Exercise details -> Word for word, reproduce each line of the data below, omitting every image.

Data block ->
====================

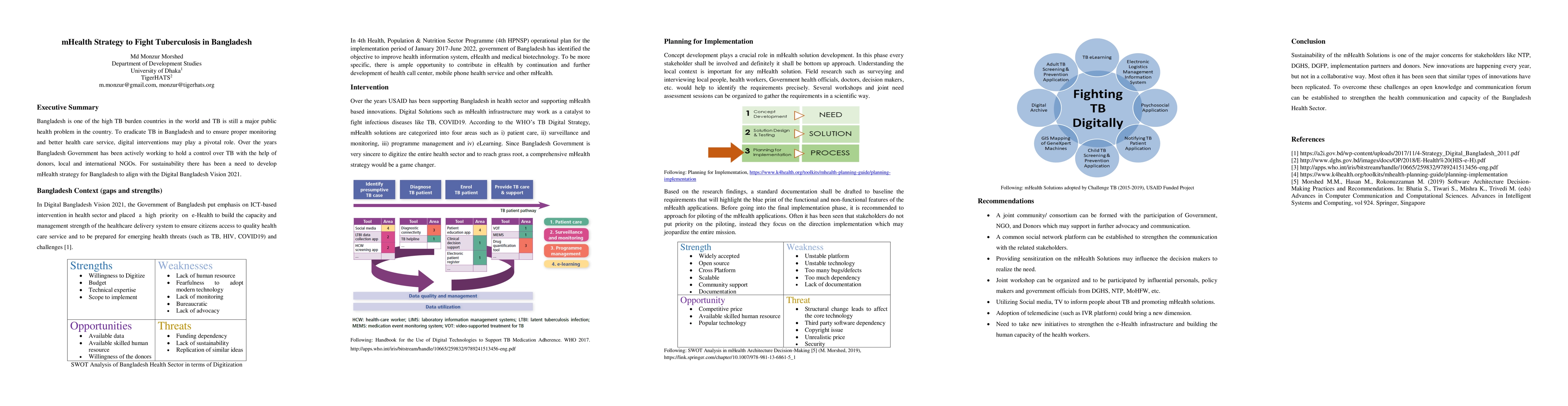 Bangladesh is one of the high TB burden countries in the world and TB is still a major public health problem in the country. To eradicate TB in Bangladesh and to ensure proper monitoring and better health care service, digital interventions may play a pivotal role. Over the years Bangladesh Government has been actively working to hold a control over TB with the help of donors, local and international NGOs. For sustainability there has been a need to develop mHealth strategy for Bangladesh to align with the Digital Bangladesh Vision 2021.
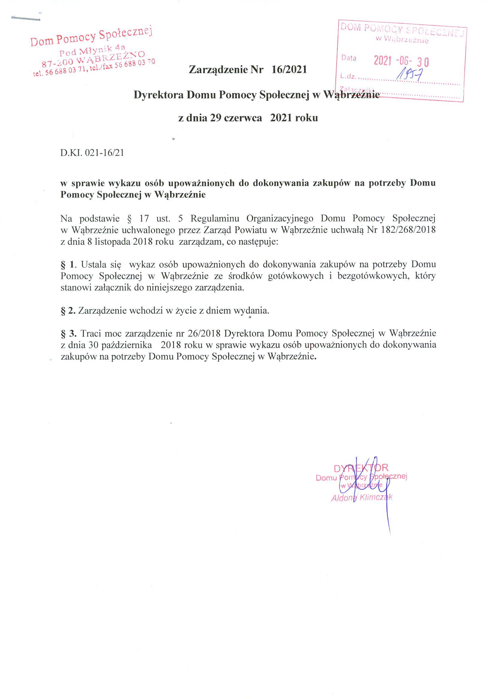 | zarządzenie 16-21 | dodany: 14:30, 09.07.2021 | przez: Redaktor DPS |
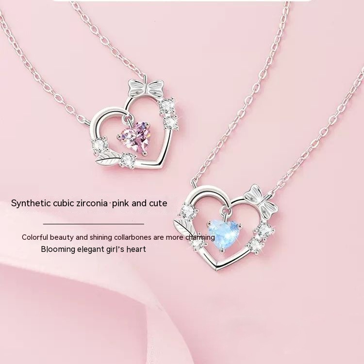 Color: Moonstone sweetheart necklace, pink diamond sweetheart necklace

====================

Answer below ->
 Bangladesh is one of the high TB burden countries in the world and TB is still a major public health problem in the country. To eradicate TB in Bangladesh and to ensure proper monitoring and better health care service, digital interventions may play a pivotal role. Over the years Bangladesh Government has been actively working to hold a control over TB with the help of donors, local and international NGOs. For sustainability there has been a need to develop mHealth strategy for Bangladesh to align with the Digital Bangladesh Vision 2021.
 | zarządzenie 16-21 | dodany: 14:30, 09.07.2021 | przez: Redaktor DPS |
 Color: Moonstone sweetheart necklace, pink diamond sweetheart necklace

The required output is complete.